Protocols confirming dst on received packets:
- TCP (1 dst per socket)
- SCTP (1 dst per transport)
- CXGB*

Protocols supporting sendmsg with MSG_CONFIRM [ | MSG_PROBE ] to
confirm neighbour:
- UDP IPv4/IPv6
- ICMPv4 PING
- RAW IPv4/IPv6
- L2TP/IPv6

MSG_CONFIRM for other purposes (fix not needed):
- CAN

Sending without locking the socket:
- UDP (when no cork)
- RAW (when hdrincl=1)

Redirects from old to new GW:
- rt6_do_redirect


	The patchset includes the following changes:

1. sock: add sk_dst_pending_confirm flag

- used only by TCP with patch 4 to remember the received
indication in sk->sk_dst_pending_confirm

2. net: add dst_pending_confirm flag to skbuff

- skb->dst_pending_confirm will be used by all protocols
in following patches

3. sctp: add dst_pending_confirm flag

- SCTP uses per-transport dsts and can not use
sk->sk_dst_pending_confirm like TCP

4. tcp: replace dst_confirm with sk_dst_confirm

5. net: add confirm_neigh method to dst_ops

- IPv4 and IPv6 provision for slow neigh lookups for MSG_PROBE users.
I decided to use neigh lookup only for this case because on
MSG_PROBE the skb may pass MTU checks but it does not reach
the neigh confirmation code. This patch will be used from patch 6.

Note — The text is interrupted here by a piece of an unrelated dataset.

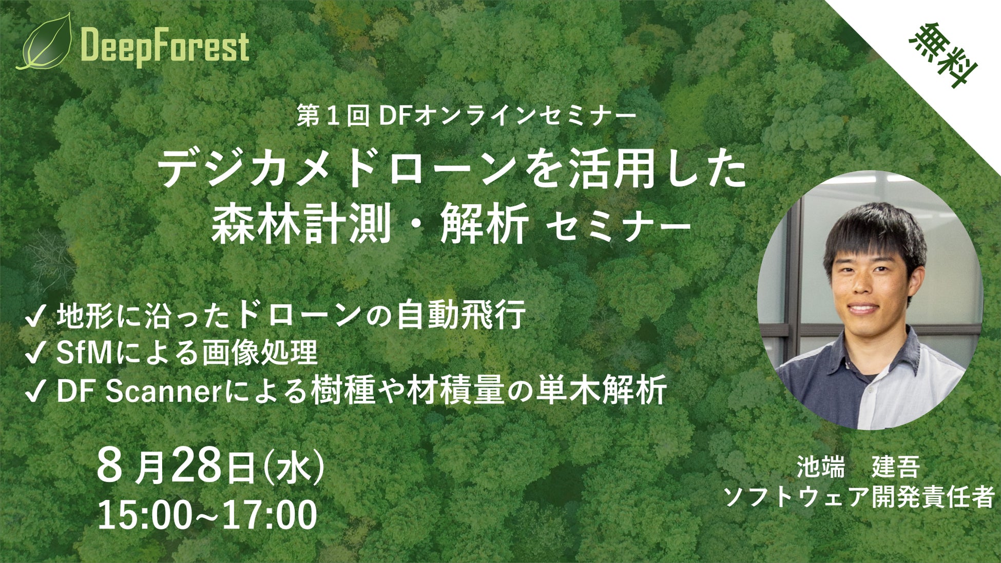なお8月28日には第1回のオンラインセミナーを予定しており、市販のデジカメドローンを活用した森林でのドローンの飛行や森林解析の方法について講習を行います。

- xfrm_confirm_neigh: support is incomplete here, only routes with
known nexthops (gateway) are supported because the tunnel address
is slow to obtain. Or there is solution to this problem?

6. net: use dst_confirm_neigh for UDP, RAW, ICMP, L2TP

- dst_confirm conversion for UDP, RAW, ICMP and L2TP/IPv6

- these protocols use MSG_CONFIRM propagated by ip*_append_data
to skb->dst_pending_confirm. sk->sk_dst_pending_confirm is not
used because some sending paths do not lock the socket. For
MSG_PROBE we use the slow lookup (dst_confirm_neigh).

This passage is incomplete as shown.